Oj tak gosiiak przykre, i ja nie wiem dlaczegoludzie w tym karju sa tak bemyślni, coraz wiecej się złyszy o tym a oni wraz nic z tym nie robią. :(
kapiel ok 18.30 i ok 19.00 dostaje mleko i zasypia.
A co do filmu...Ja staram sie nie oglądać takich rzeczy a ostatnio przestałam też czytać. Po prostu nie wyrabiam. Jakiś czas temu o mało nie wyjechałam na czerwonym bo w radio podawali informacje o znęcniu nad dzieckiem i nie wytrzymałam. Płakałam się co najmniej jakby mnie to dotyczyło więc stwierdziłam, że lepiej będzie ograniczyć takie informacje.
Jest tyle zła i tyle nieszczęść na tym świecie a stres to ostatnie czego mi teraz potrzeba.
Nie muszę nawet tak daleko szukać, bo chrzestna Piotrusia poznała rok temu facaeta i teraz starają się o dziecko. Ten skur..l ja tłucze, kopie i popycha za każdą pierdołę a ta głupia go "kocha" a "dziecko na pewno go zmieni". Na szczęście ma problemy hormonalne więc jest nadzieja, że nie uda się jej zajść.
będąc w ciąży też chyba bym omijała tego typu artykuły.
Jaemka, najlepiej nie włączaj radia gdy jedziesz samochodem bo nie daj Boże coś się stanie..kiedys może tak nie nagłaśniali takich spraw, teraz codziennie jest coś.. okropne.. niedługo strach będzie wyjść na dwór..
nie wiem czy słyszeliscie o tej dziewczynie 17 letniej podobno zamordowanej w Gdańsku?
to przechodzi ludzkie pojęcie co się wprwawia.. ludzie mieszkający w dzialcach nadmorskich w Gd, boją się wychodzić..zresztą nie od dziś, niestety Gdańsk nocą jest niebezpieczny, ale i zapewne wiele miast.
Jaemka, naprawdę?! całe szczęśćie, że nie może zajść! i niech nie zachodzi..bo jeszcze by noworodka tłukł.....
chore.. ale niestety tak jest, jak facet kobietę bije ona bardziej go kocha.....
może kiedyś zmądrzeje ;) albo jak już będzie za późno..
ja też się nie boję, jak ma mnie coś złego spotkać to prędzej czy później spotka;)
może dlatego,że ludzi mało? czy tak po prostu;)?

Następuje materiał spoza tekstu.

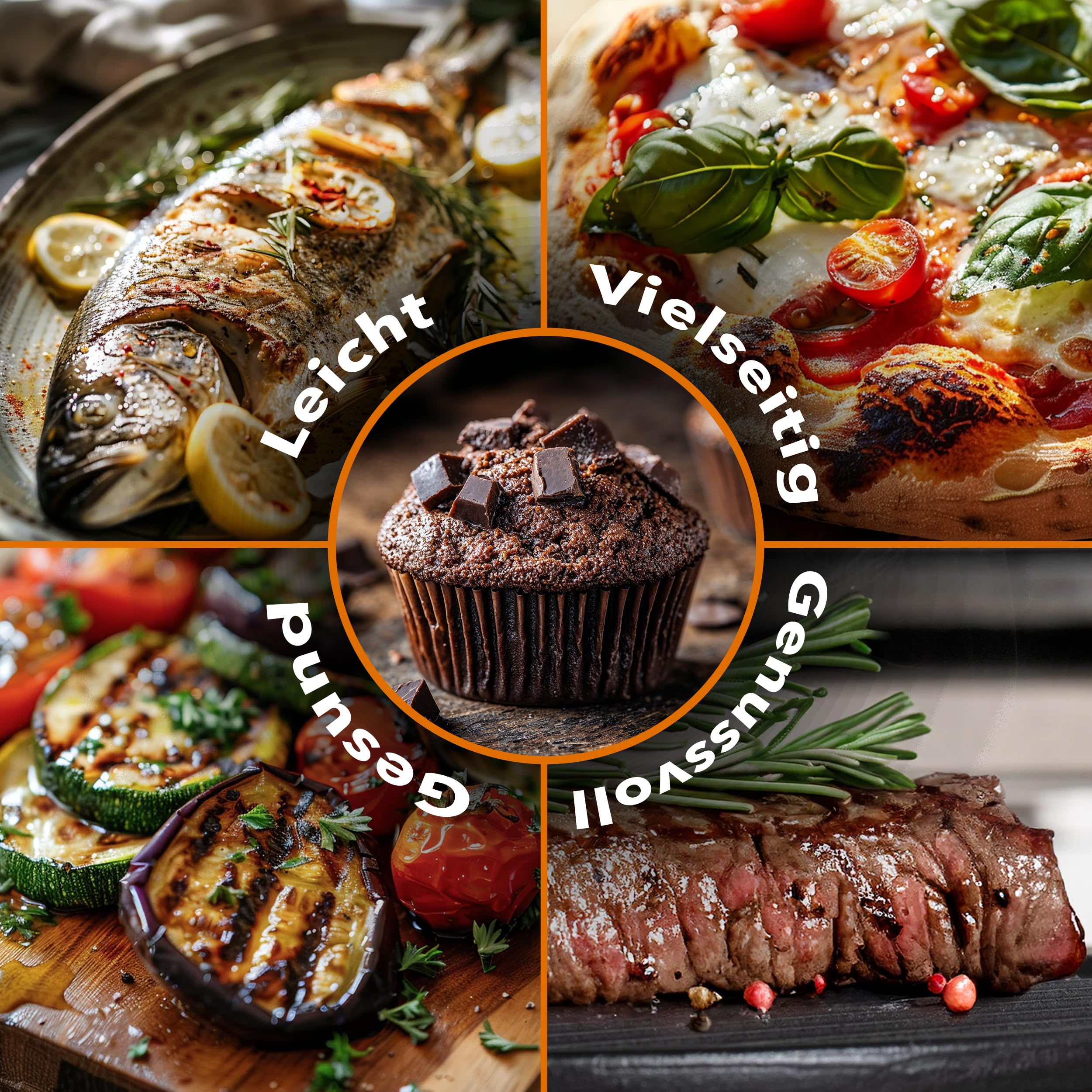 BAUMFELD PizzaAirfryer400 black - 12 in 1 Multifunktionsofen, Pizzaofen, 400 °C, tragbar, Grillen, Pizza, Air Fryer, Backen, XXL Zubehör, Indoor, Steinofenplatte, Gusseisenblech
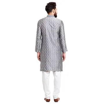 Sojanya (Since 1958, Men's Jacquard Silk Kurta & Churidaar Pyjama Grey
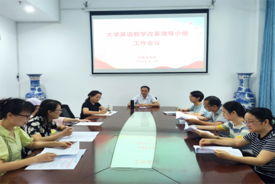 2024年9月19日下午, 成人有声小说 召开大学英语教学改革领导小组工作会议,院党委书记、领导小组组长何培森,院党委委员、副院长、领导小组副组长陈艳君,院党委委员、领导小组副组长陈喜贝,领导小组成员、各系室主任及公外教研室副主任参加了会议。会议由何培森主持。

Nie wiem, może dlatego, że jak w duzym mieście kogoś zabiją to sie to nagłaśnia ale jak zaatakuja, pobiją, okradną, zgwałcą itp to się na ten temat milczy a u mnie odkąd pamietam były 3 morderstwa i to chyba jeszcze za czasów podstawówki albo liceum a poza tym w "kronikach policyjnych" "nuda" więc chojnickie radio nagłasnia wszystkie inne napaści więc ciągle sie tylko słyszy, że tam pobili, tam zgwałcili itd.